● **Exercise details**
Set down, exactly and only, everything from the line containing "Spirella WC štětka" down to the line containing "Erhebendes Konferenzerlebnis mit" in the data below; the pictures are not part of the copy.

● **Records to process**
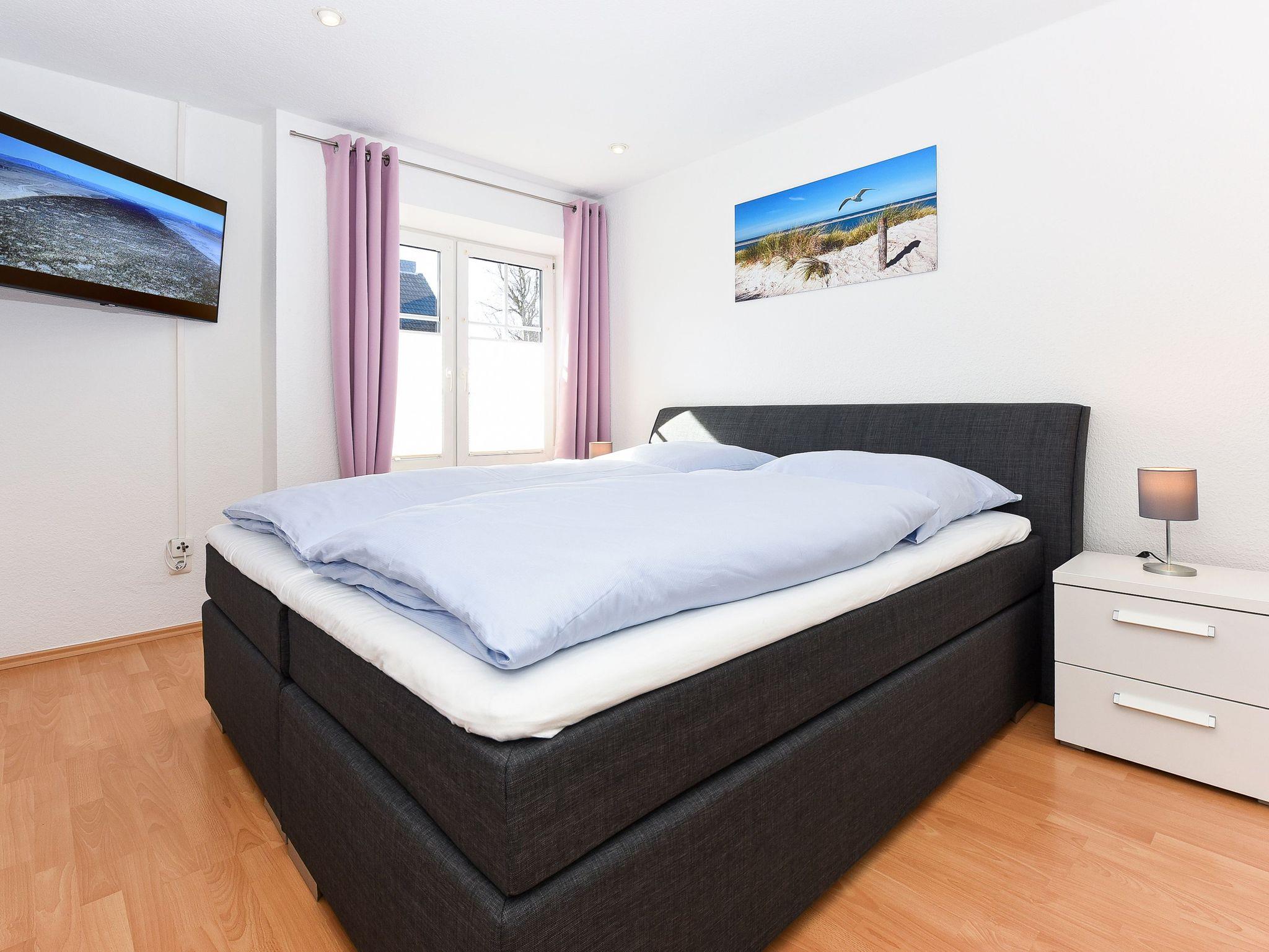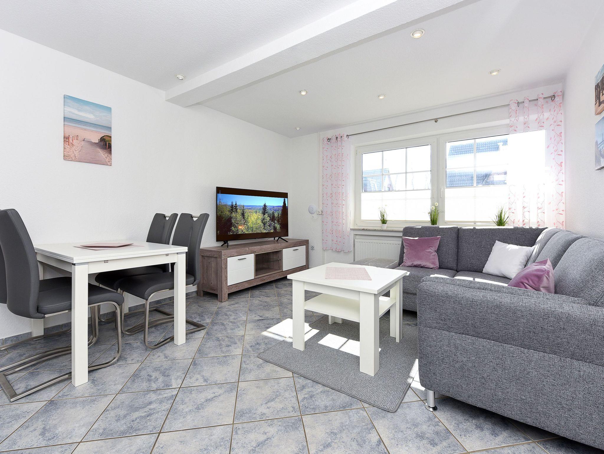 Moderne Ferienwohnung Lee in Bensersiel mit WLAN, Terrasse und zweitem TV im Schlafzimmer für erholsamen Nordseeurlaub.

...

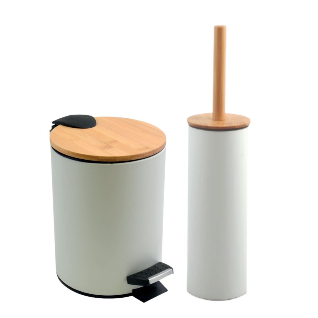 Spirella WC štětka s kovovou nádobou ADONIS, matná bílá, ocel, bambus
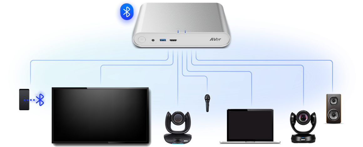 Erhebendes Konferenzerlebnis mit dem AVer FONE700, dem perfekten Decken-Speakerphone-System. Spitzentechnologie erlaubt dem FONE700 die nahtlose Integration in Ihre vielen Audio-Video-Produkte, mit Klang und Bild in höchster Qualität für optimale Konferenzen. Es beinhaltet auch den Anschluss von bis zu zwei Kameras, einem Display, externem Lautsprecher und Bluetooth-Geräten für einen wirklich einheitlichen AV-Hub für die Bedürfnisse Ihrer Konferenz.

● **Exercise response**
 Spirella WC štětka s kovovou nádobou ADONIS, matná bílá, ocel, bambus
 Erhebendes Konferenzerlebnis mit dem AVer FONE700, dem perfekten Decken-Speakerphone-System. Spitzentechnologie erlaubt dem FONE700 die nahtlose Integration in Ihre vielen Audio-Video-Produkte, mit Klang und Bild in höchster Qualität für optimale Konferenzen. Es beinhaltet auch den Anschluss von bis zu zwei Kameras, einem Display, externem Lautsprecher und Bluetooth-Geräten für einen wirklich einheitlichen AV-Hub für die Bedürfnisse Ihrer Konferenz.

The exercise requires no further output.